Com o impulso extra da gravadora, a faixa-título acabou sendo meio popular na época – mais popular do que a maioria dessas bandas – mas esse álbum tinha muito mais do que apenas um grande single. É um LP conciso que contém 11 músicas em menos de 26 minutos, e nunca deixa a intensidade de lado nenhuma vez. É escuro, mas cativante, Scott aproveita uma mistura perfeita de agressão e emoção em seus gritos de dor, e a produção de Bill Stevenson ainda soa nítida mais de 15 anos depois.

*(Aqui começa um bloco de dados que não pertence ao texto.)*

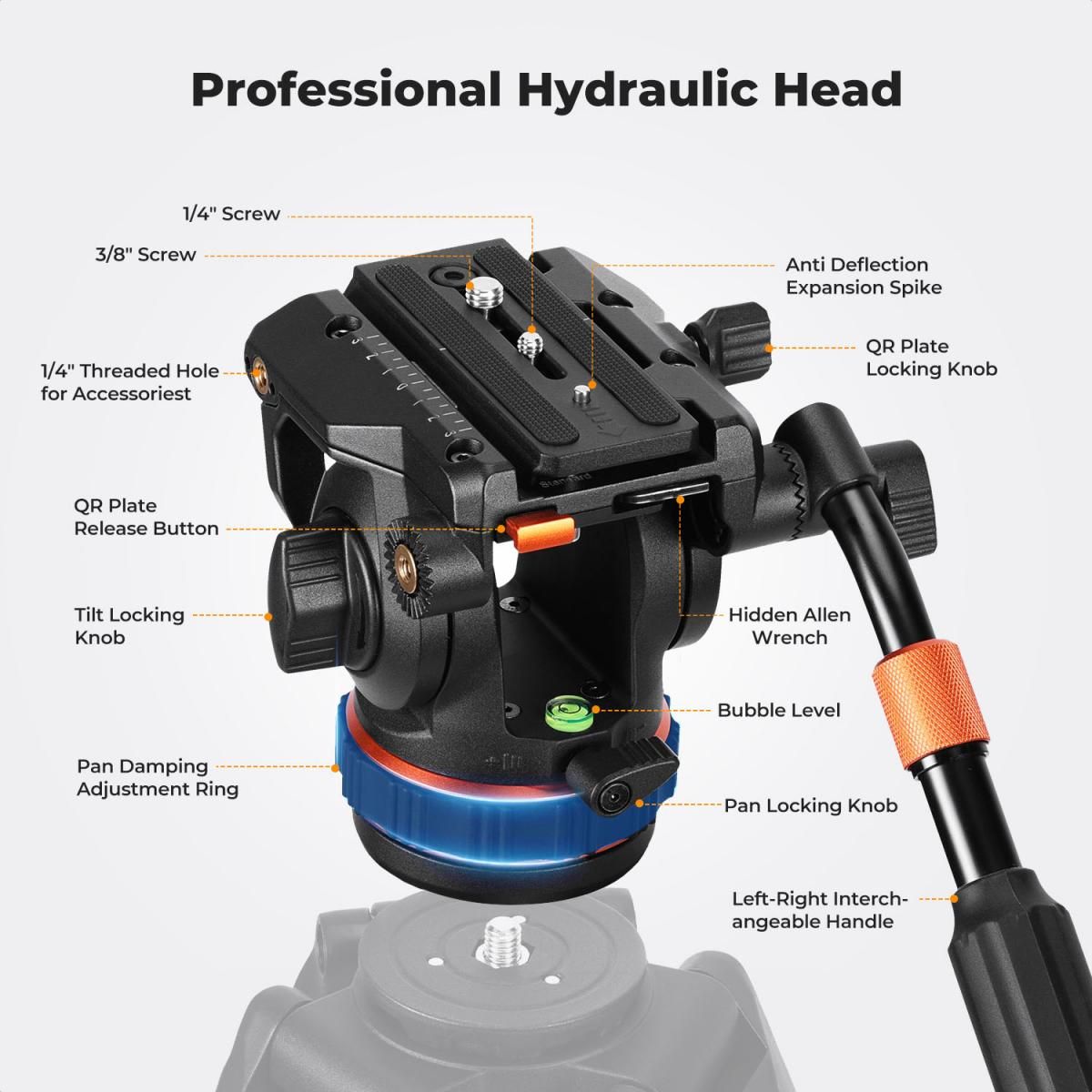 Η επαγγελματική υδραυλική απόσβεση εξασφαλίζει εξαιρετικά ομαλή οριζόντια περιστροφή 360° και εύρος κλίσης από -75° έως +90°, ιδανική για δυναμικά βίντεο, χωρίς κραδασμούς κατά τη λήψη από διάφορες γωνίες.

O Comeback Kid ainda está fazendo grandes coisas hoje, mas Wake The Dead definiu uma era. Ele estava na vanguarda da crescente onda de hardcore melódico no início/meados dos anos 2000, e seu sucesso só parecia mais merecedor ao longo do tempo.
THE SUICIDE FILE – SOME MISTAKES YOU NEVER STOP PAYING FOR (2005)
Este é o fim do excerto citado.